**What to work on**
Below are records; reproduce exactly the lines from the one that has "项目优惠地铁口!学府旁!公园边! > 115户型清盘特惠,蕞后10套" through the one that has "Мужские трусы-тонги из", ends included, and nothing more.

**Extracted entries**
#####
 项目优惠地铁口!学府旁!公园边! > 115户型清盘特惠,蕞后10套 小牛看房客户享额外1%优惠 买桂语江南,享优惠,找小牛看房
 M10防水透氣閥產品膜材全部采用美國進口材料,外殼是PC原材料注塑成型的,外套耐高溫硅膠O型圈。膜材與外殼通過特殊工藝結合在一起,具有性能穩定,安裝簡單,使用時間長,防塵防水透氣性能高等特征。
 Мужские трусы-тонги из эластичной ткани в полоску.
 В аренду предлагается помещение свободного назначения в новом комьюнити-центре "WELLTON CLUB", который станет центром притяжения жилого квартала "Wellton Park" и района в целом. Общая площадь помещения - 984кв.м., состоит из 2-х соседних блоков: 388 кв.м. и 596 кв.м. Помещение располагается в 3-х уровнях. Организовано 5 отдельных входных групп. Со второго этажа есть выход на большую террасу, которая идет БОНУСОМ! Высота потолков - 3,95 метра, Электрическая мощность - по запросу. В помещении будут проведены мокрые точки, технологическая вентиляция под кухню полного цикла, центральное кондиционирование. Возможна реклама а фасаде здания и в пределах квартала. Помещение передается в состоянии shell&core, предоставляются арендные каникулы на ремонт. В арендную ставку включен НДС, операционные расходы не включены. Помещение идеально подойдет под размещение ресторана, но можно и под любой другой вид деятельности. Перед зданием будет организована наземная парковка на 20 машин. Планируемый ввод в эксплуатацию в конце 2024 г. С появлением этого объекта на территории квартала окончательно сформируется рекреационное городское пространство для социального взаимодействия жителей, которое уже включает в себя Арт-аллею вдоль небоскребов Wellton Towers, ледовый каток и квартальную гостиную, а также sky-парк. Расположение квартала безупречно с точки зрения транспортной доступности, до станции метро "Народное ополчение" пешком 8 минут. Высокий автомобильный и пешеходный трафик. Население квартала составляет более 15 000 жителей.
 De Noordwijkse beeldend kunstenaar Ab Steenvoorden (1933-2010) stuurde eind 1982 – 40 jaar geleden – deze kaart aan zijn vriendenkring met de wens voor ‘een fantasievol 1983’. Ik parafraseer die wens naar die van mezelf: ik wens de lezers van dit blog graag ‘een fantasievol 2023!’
#####
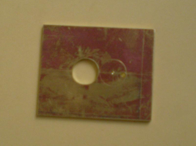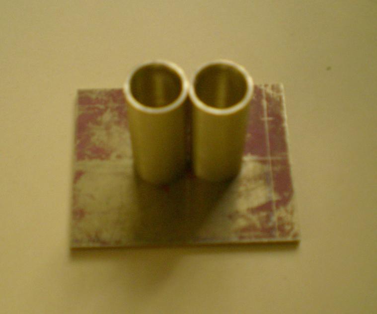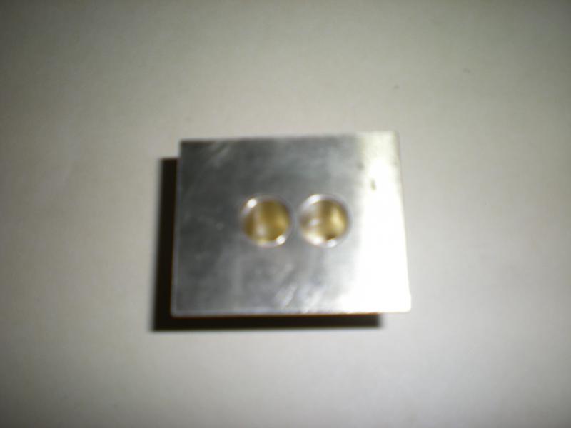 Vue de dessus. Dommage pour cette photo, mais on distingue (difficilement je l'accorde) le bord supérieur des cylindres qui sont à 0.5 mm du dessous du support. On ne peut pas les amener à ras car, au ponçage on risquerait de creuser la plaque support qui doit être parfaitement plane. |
#####
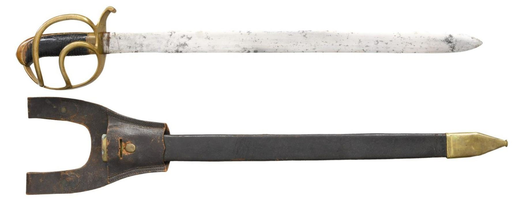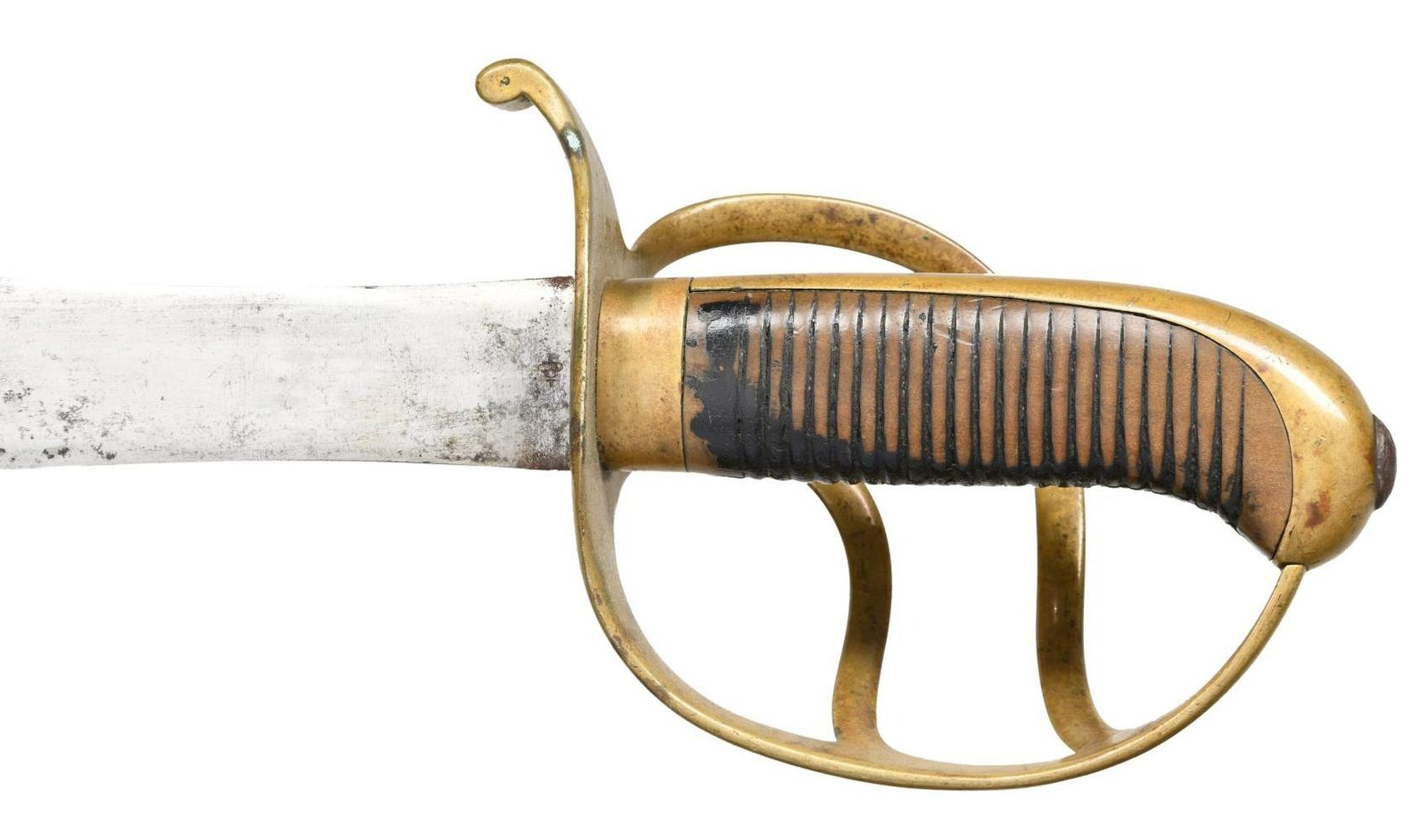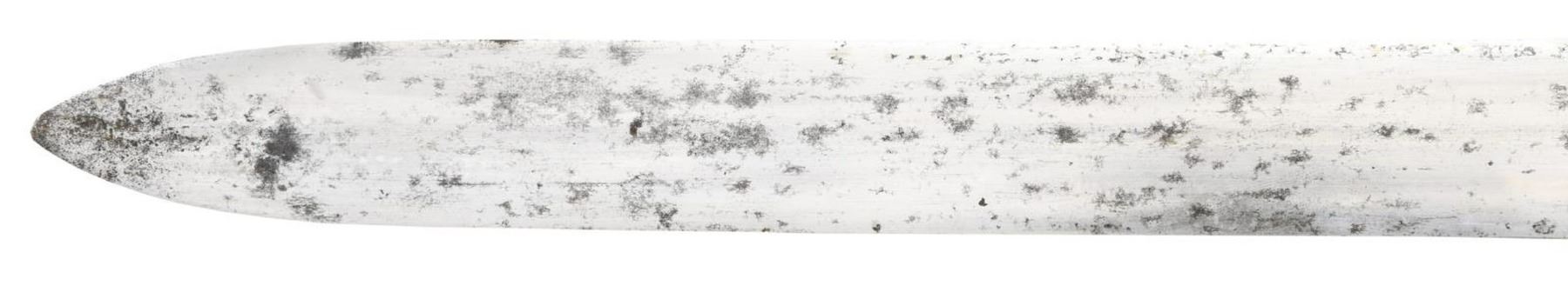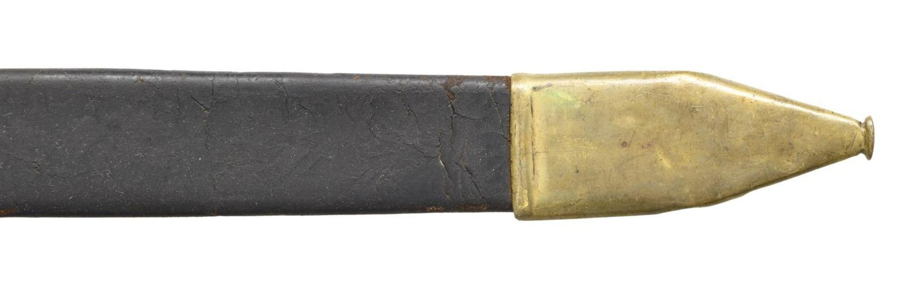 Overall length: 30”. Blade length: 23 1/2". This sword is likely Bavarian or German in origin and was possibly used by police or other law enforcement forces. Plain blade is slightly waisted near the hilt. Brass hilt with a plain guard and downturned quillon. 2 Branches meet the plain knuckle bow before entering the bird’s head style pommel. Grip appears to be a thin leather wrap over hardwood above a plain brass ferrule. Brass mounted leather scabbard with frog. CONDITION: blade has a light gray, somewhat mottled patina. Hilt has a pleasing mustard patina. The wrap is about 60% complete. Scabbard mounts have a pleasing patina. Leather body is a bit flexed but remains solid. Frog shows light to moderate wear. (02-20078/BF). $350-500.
#####
**Solution to this problem**
 项目优惠地铁口!学府旁!公园边! > 115户型清盘特惠,蕞后10套 小牛看房客户享额外1%优惠 买桂语江南,享优惠,找小牛看房
 M10防水透氣閥產品膜材全部采用美國進口材料,外殼是PC原材料注塑成型的,外套耐高溫硅膠O型圈。膜材與外殼通過特殊工藝結合在一起,具有性能穩定,安裝簡單,使用時間長,防塵防水透氣性能高等特征。
 Мужские трусы-тонги из эластичной ткани в полоску.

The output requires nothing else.